#### [Task statement]
The lines to extract run from the start of the records through the line with "第2次手术后第17天,行颅脑", both ends included; drop the pictures.

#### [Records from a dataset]
== Segment start ==
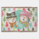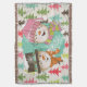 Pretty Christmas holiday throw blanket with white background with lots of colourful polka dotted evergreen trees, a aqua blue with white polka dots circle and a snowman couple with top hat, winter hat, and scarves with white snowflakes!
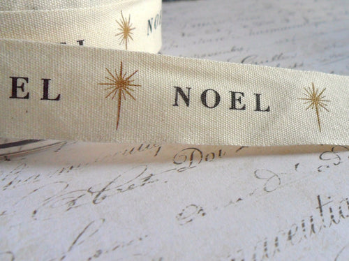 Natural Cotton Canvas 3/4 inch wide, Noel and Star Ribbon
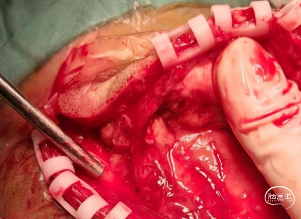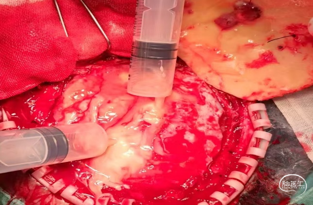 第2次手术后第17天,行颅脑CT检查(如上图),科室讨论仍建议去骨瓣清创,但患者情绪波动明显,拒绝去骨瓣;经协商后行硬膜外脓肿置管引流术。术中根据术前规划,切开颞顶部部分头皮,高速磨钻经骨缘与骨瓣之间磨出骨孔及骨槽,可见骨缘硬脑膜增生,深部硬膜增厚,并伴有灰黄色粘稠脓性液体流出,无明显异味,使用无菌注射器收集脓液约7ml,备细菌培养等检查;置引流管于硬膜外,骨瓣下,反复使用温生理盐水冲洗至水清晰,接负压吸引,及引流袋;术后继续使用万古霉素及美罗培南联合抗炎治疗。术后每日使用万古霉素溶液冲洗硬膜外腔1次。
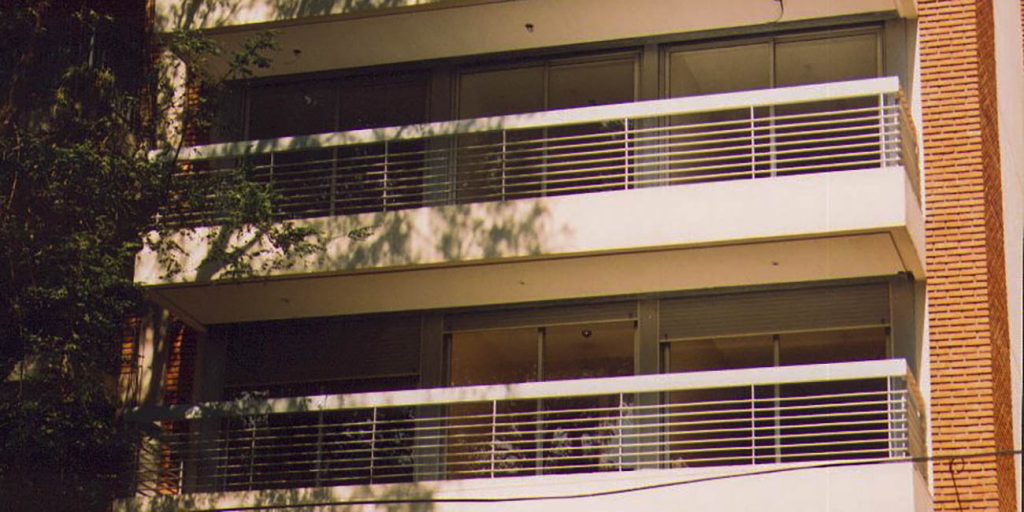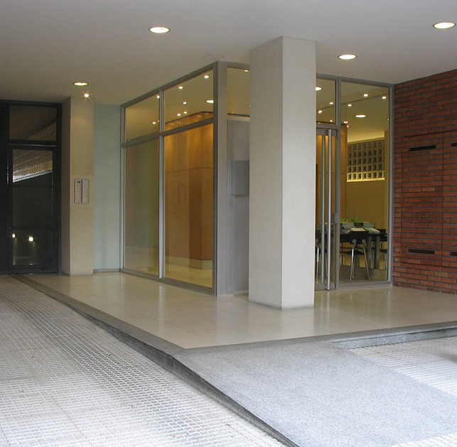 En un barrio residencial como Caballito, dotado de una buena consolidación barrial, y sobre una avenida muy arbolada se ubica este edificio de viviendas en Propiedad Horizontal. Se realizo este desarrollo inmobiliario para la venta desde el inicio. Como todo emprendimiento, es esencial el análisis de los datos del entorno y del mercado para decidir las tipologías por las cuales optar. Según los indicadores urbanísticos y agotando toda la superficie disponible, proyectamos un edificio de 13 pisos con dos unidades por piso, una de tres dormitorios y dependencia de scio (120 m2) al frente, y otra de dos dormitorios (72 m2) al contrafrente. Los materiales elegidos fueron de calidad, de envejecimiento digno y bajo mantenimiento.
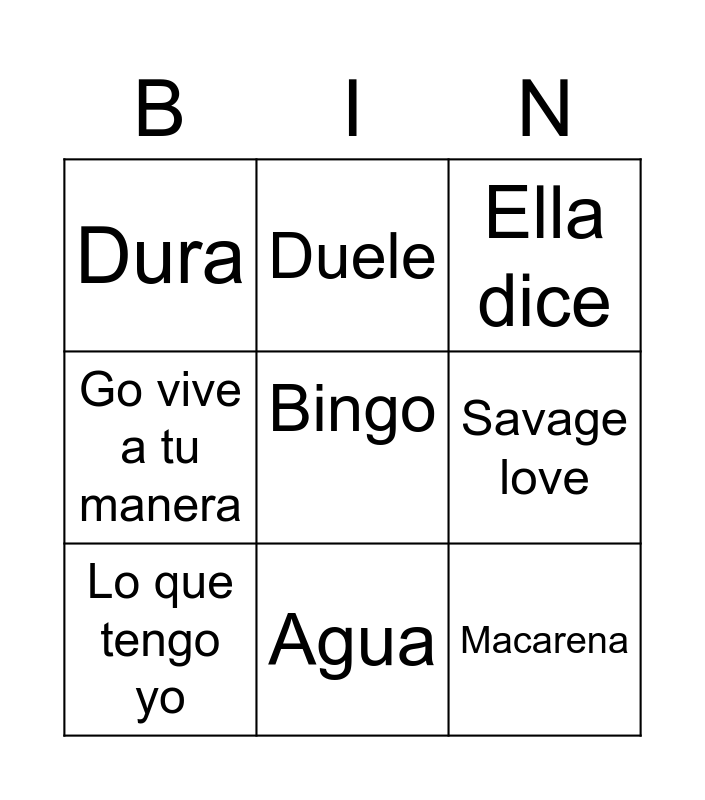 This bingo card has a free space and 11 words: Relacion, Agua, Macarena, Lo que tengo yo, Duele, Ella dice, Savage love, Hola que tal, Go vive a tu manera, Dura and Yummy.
== Segment end ==
#### [Expected output]
 Pretty Christmas holiday throw blanket with white background with lots of colourful polka dotted evergreen trees, a aqua blue with white polka dots circle and a snowman couple with top hat, winter hat, and scarves with white snowflakes!
 Natural Cotton Canvas 3/4 inch wide, Noel and Star Ribbon
 第2次手术后第17天,行颅脑CT检查(如上图),科室讨论仍建议去骨瓣清创,但患者情绪波动明显,拒绝去骨瓣;经协商后行硬膜外脓肿置管引流术。术中根据术前规划,切开颞顶部部分头皮,高速磨钻经骨缘与骨瓣之间磨出骨孔及骨槽,可见骨缘硬脑膜增生,深部硬膜增厚,并伴有灰黄色粘稠脓性液体流出,无明显异味,使用无菌注射器收集脓液约7ml,备细菌培养等检查;置引流管于硬膜外,骨瓣下,反复使用温生理盐水冲洗至水清晰,接负压吸引,及引流袋;术后继续使用万古霉素及美罗培南联合抗炎治疗。术后每日使用万古霉素溶液冲洗硬膜外腔1次。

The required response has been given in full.